== Dataset extract ==
-.-.-

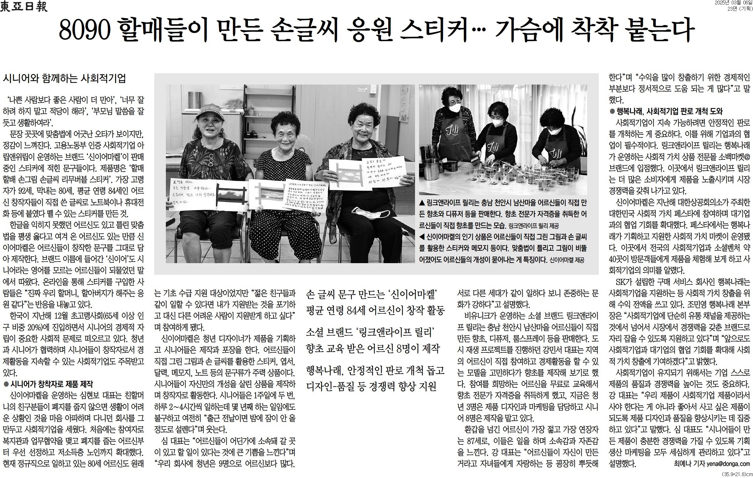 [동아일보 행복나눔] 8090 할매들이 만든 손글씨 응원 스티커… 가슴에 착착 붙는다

-.-.-

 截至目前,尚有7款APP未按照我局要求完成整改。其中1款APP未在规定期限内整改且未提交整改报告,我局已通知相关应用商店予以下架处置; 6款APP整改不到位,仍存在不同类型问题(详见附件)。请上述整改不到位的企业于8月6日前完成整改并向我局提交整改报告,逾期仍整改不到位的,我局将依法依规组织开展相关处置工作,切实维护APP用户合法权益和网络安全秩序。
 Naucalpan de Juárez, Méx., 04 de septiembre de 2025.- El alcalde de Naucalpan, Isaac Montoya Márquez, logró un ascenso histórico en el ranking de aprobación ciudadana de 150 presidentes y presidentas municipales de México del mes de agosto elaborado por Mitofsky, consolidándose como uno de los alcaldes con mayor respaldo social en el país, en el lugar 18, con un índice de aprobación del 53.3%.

-.-.-

== The task ==
From the line holding "截至目前,尚有7款APP未按" to the line holding "Naucalpan de Juárez, Méx., 04", inclusive, restate each line above exactly as written.

== Result of the task ==
 截至目前,尚有7款APP未按照我局要求完成整改。其中1款APP未在规定期限内整改且未提交整改报告,我局已通知相关应用商店予以下架处置; 6款APP整改不到位,仍存在不同类型问题(详见附件)。请上述整改不到位的企业于8月6日前完成整改并向我局提交整改报告,逾期仍整改不到位的,我局将依法依规组织开展相关处置工作,切实维护APP用户合法权益和网络安全秩序。
 Naucalpan de Juárez, Méx., 04 de septiembre de 2025.- El alcalde de Naucalpan, Isaac Montoya Márquez, logró un ascenso histórico en el ranking de aprobación ciudadana de 150 presidentes y presidentas municipales de México del mes de agosto elaborado por Mitofsky, consolidándose como uno de los alcaldes con mayor respaldo social en el país, en el lugar 18, con un índice de aprobación del 53.3%.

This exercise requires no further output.